A tab-delimited table with the following columns

column name description
SAMPLE_ID The ID of sample for tophat-post, input file name otherwise
FUSION_ID The original line number in input file
TISSUE As specified by library argument or in 'coord' input file
GENOMIC Chromosomal coordinates for both breakpoints (as in input file)
SPANNING_READS Number of reads that cover fusion junction
ENCOMPASSING_READS Number of reads that map discordantly with one mate mapping to 5'FPG (fusion partner gene) and other mapping to 3'FPG
5_FPG_GENE_NAME The HGNC symbol of 5' fusion partner gene
5_IN_CDS? Indicates whether breakpoint is within the CDS of this gene
5_SEGMENT_TYPE Indicates whether breakpoint is located within either exon or intron
5_SEGMENT_ID Indicates number of exon or intron where breakpoint is located
5_COORD_IN_SEGMENT Indicates coordinates for breakpoint within that exon/intron
5_FULL_AA Length of translated 5' fusion partner gene (FPG) in full amino acids
5_FRAME Frame of translated 5' FPG
(Same as 7 lines above for the 3' fusion partner gene) ...
FPG_FRAME_DIFFERENCE The resulting frame of fusion gene, if equals to 0 then the fusion is in-frame
P_VAL_CORR he Bayesian probability of fusion being a passenger (class 0), given as Bonferroni-corrected P-value
DRIVER_PROB The Bayesian probability of fusion being a driver (class 1)

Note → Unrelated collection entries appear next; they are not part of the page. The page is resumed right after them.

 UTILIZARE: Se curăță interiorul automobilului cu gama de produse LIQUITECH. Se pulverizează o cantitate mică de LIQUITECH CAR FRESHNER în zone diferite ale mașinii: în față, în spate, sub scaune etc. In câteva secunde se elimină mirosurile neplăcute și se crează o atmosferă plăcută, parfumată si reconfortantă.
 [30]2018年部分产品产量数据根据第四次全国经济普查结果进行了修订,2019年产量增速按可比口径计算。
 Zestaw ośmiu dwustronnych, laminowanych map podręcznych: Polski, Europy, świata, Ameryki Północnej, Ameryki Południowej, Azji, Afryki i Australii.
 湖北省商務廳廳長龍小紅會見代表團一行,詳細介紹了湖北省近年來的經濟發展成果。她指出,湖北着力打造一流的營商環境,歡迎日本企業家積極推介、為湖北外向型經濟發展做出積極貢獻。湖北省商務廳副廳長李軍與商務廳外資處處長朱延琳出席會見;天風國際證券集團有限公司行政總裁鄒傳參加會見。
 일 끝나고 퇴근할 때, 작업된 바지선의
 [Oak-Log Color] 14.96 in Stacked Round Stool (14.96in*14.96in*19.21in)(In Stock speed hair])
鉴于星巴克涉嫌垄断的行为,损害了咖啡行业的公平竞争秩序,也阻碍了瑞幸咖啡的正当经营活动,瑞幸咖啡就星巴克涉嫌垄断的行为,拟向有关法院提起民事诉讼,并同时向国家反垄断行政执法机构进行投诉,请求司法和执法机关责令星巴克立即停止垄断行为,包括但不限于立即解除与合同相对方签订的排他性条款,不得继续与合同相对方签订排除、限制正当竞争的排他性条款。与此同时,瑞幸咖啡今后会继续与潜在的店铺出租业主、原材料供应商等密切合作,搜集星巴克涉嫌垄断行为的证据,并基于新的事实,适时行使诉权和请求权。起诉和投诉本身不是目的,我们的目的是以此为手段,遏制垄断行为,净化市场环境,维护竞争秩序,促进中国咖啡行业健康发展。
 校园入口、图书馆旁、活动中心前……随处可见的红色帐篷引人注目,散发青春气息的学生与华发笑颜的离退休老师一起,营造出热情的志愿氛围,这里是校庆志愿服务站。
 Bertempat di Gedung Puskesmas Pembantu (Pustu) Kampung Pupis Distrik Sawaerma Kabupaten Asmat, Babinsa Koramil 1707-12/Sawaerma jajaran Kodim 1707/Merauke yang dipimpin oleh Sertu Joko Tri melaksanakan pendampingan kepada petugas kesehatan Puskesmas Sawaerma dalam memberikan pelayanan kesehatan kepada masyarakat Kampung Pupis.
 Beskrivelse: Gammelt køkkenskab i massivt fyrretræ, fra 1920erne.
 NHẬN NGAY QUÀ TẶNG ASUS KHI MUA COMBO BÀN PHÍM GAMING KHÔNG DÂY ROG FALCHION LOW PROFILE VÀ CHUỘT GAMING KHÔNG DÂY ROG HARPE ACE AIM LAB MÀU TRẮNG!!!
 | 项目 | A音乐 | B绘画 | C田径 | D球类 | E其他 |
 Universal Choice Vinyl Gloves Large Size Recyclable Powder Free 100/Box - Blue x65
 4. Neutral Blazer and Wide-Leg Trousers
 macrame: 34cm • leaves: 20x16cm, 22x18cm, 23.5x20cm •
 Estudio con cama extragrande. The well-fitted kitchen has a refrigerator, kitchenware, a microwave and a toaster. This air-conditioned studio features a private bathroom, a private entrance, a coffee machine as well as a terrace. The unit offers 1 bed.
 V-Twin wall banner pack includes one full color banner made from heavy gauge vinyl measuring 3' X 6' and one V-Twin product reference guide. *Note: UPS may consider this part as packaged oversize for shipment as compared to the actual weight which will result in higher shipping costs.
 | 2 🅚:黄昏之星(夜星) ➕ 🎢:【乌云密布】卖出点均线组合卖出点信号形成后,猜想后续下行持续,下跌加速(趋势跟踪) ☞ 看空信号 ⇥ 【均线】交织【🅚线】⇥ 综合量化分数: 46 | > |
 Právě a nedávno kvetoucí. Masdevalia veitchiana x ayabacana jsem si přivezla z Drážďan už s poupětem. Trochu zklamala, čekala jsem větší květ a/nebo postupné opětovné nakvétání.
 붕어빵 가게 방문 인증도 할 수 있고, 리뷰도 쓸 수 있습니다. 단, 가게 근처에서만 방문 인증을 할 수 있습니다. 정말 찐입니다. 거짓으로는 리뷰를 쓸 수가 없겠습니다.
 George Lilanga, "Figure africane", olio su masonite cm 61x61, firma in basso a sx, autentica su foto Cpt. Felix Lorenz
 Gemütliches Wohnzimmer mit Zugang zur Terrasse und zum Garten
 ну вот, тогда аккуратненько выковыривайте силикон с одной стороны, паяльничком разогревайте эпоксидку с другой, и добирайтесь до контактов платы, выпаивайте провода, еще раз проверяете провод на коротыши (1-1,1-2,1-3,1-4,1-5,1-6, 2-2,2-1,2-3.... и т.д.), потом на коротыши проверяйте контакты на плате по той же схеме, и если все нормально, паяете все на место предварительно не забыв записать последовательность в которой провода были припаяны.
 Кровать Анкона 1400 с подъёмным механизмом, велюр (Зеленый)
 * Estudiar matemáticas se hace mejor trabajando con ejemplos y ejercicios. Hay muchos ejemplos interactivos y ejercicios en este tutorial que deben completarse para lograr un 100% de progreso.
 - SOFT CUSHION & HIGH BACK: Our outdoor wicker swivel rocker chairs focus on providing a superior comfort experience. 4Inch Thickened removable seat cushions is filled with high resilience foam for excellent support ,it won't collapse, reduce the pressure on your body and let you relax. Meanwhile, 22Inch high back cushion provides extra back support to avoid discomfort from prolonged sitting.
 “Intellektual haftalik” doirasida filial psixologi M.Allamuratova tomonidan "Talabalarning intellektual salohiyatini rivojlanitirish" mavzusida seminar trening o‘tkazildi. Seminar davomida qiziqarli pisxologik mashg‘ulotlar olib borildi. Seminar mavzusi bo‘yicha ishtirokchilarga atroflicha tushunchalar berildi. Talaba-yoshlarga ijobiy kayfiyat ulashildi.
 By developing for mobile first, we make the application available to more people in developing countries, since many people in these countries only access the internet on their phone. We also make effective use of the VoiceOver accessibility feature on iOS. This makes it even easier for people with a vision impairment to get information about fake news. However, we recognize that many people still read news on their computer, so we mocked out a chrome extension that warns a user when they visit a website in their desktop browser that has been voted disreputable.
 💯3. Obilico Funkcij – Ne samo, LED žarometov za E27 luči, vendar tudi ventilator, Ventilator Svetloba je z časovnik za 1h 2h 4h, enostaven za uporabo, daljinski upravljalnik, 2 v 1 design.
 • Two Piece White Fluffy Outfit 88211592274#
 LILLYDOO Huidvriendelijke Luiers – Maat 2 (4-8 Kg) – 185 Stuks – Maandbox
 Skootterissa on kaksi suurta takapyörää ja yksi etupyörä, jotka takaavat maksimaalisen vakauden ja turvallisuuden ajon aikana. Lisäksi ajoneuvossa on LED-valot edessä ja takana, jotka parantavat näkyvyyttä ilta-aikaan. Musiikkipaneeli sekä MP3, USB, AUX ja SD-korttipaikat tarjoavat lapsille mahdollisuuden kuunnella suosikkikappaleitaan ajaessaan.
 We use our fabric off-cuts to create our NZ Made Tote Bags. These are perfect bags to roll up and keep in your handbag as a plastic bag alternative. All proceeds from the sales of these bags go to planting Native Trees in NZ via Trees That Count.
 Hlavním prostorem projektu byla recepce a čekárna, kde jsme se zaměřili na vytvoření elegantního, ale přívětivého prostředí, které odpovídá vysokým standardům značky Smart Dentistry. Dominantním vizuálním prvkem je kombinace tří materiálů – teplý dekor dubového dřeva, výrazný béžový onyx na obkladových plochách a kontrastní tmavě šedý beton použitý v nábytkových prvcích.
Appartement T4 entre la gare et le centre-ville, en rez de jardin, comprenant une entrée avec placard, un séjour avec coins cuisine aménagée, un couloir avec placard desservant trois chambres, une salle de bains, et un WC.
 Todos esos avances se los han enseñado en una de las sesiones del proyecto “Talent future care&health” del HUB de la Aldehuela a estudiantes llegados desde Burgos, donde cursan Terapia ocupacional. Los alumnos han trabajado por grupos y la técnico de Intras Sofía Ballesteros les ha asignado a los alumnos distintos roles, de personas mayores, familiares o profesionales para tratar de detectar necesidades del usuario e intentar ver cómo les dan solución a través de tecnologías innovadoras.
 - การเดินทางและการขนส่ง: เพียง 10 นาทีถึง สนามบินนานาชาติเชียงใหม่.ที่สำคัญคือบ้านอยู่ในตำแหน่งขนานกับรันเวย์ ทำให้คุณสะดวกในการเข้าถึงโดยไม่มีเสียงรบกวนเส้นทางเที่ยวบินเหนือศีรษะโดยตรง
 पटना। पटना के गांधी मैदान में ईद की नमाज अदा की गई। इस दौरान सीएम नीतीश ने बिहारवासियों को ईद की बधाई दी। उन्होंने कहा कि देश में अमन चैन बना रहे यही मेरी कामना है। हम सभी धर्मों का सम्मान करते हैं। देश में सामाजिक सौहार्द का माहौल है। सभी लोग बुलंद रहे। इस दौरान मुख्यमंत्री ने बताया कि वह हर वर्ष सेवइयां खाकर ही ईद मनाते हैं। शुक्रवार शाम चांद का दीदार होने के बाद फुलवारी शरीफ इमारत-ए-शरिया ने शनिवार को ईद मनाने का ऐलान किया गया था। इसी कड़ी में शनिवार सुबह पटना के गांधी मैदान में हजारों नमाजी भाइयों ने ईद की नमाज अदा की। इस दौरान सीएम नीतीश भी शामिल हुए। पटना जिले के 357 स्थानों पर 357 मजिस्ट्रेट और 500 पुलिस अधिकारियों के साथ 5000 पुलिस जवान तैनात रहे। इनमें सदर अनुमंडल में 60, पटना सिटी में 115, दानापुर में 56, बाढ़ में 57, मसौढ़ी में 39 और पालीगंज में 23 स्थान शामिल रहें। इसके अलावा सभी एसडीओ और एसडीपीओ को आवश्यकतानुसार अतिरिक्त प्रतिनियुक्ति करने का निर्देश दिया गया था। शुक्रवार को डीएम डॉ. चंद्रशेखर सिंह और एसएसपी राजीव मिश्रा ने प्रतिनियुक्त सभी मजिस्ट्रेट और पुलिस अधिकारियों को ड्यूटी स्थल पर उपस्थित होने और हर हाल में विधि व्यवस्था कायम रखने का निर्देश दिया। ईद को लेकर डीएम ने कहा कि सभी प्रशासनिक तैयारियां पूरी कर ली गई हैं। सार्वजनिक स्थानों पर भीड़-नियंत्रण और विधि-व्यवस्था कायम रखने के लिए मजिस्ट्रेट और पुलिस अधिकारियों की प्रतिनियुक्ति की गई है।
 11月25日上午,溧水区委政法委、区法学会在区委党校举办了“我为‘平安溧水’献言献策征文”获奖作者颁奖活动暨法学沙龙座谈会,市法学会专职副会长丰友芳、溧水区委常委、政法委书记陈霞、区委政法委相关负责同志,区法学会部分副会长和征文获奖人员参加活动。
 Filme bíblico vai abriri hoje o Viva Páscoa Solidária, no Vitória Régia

EXPRESSION_GAIN Expression gain of fusion calculated as [(expression of 5' gene)/(expression of 3' gene)]-1
5_DOMAINS_RETAINED List of protein domains retained in 5' fusion partner gene
3_DOMAINS_RETAINED List of protein domains retained in 3' fusion partner gene
5_DOMAINS_BROKEN List of protein domains that overlap breakpoint in 5' fusion partner gene
3_DOMAINS_BROKEN List of protein domains that overlap breakpoint in 3' fusion partner gene
5_PII_RETAINED List of protein interaction interfaces retained in 5' fusion partner gene
3_PII_RETAINED List of protein interaction interfaces retained in 3' fusion partner gene
CTF, G, H, K, P and TF Corresponding functional family association scores (FFAS, see paper for details). Values are log-transformed and scaled to the largest score obtained from classifier training set.